[Task item]
Starting at the line that has "③ Appuyer sur" and stopping after the line that has "體育署救生員班-基本救命術", reproduce the listing below exactly; omit everything else.

[Record set]
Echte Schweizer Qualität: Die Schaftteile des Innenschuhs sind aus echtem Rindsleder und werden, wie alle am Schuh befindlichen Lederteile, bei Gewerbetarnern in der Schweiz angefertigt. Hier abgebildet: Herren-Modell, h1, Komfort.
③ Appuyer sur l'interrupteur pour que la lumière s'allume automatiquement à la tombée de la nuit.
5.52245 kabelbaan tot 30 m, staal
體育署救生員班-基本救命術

...

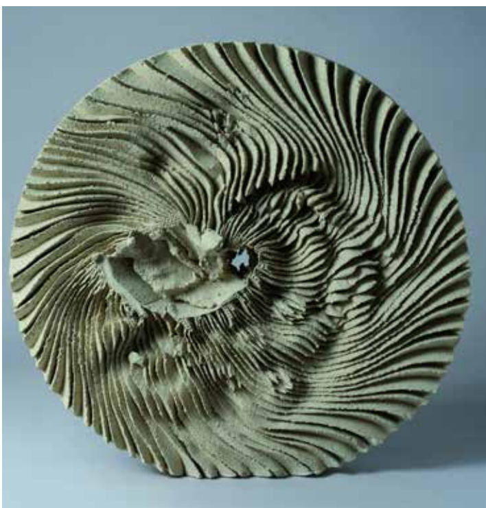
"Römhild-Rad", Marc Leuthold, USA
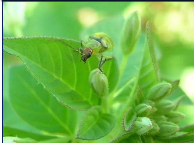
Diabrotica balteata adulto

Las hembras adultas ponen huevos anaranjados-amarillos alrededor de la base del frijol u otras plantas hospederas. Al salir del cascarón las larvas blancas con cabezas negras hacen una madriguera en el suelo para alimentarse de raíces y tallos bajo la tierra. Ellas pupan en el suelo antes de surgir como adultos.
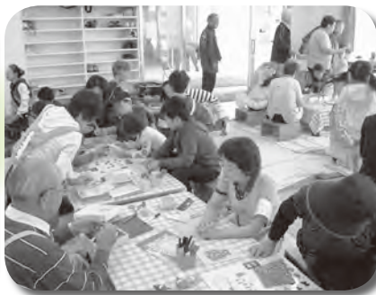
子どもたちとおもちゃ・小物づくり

==

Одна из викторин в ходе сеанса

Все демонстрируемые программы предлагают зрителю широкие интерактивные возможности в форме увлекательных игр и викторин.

[Written response]
③ Appuyer sur l'interrupteur pour que la lumière s'allume automatiquement à la tombée de la nuit.
5.52245 kabelbaan tot 30 m, staal
體育署救生員班-基本救命術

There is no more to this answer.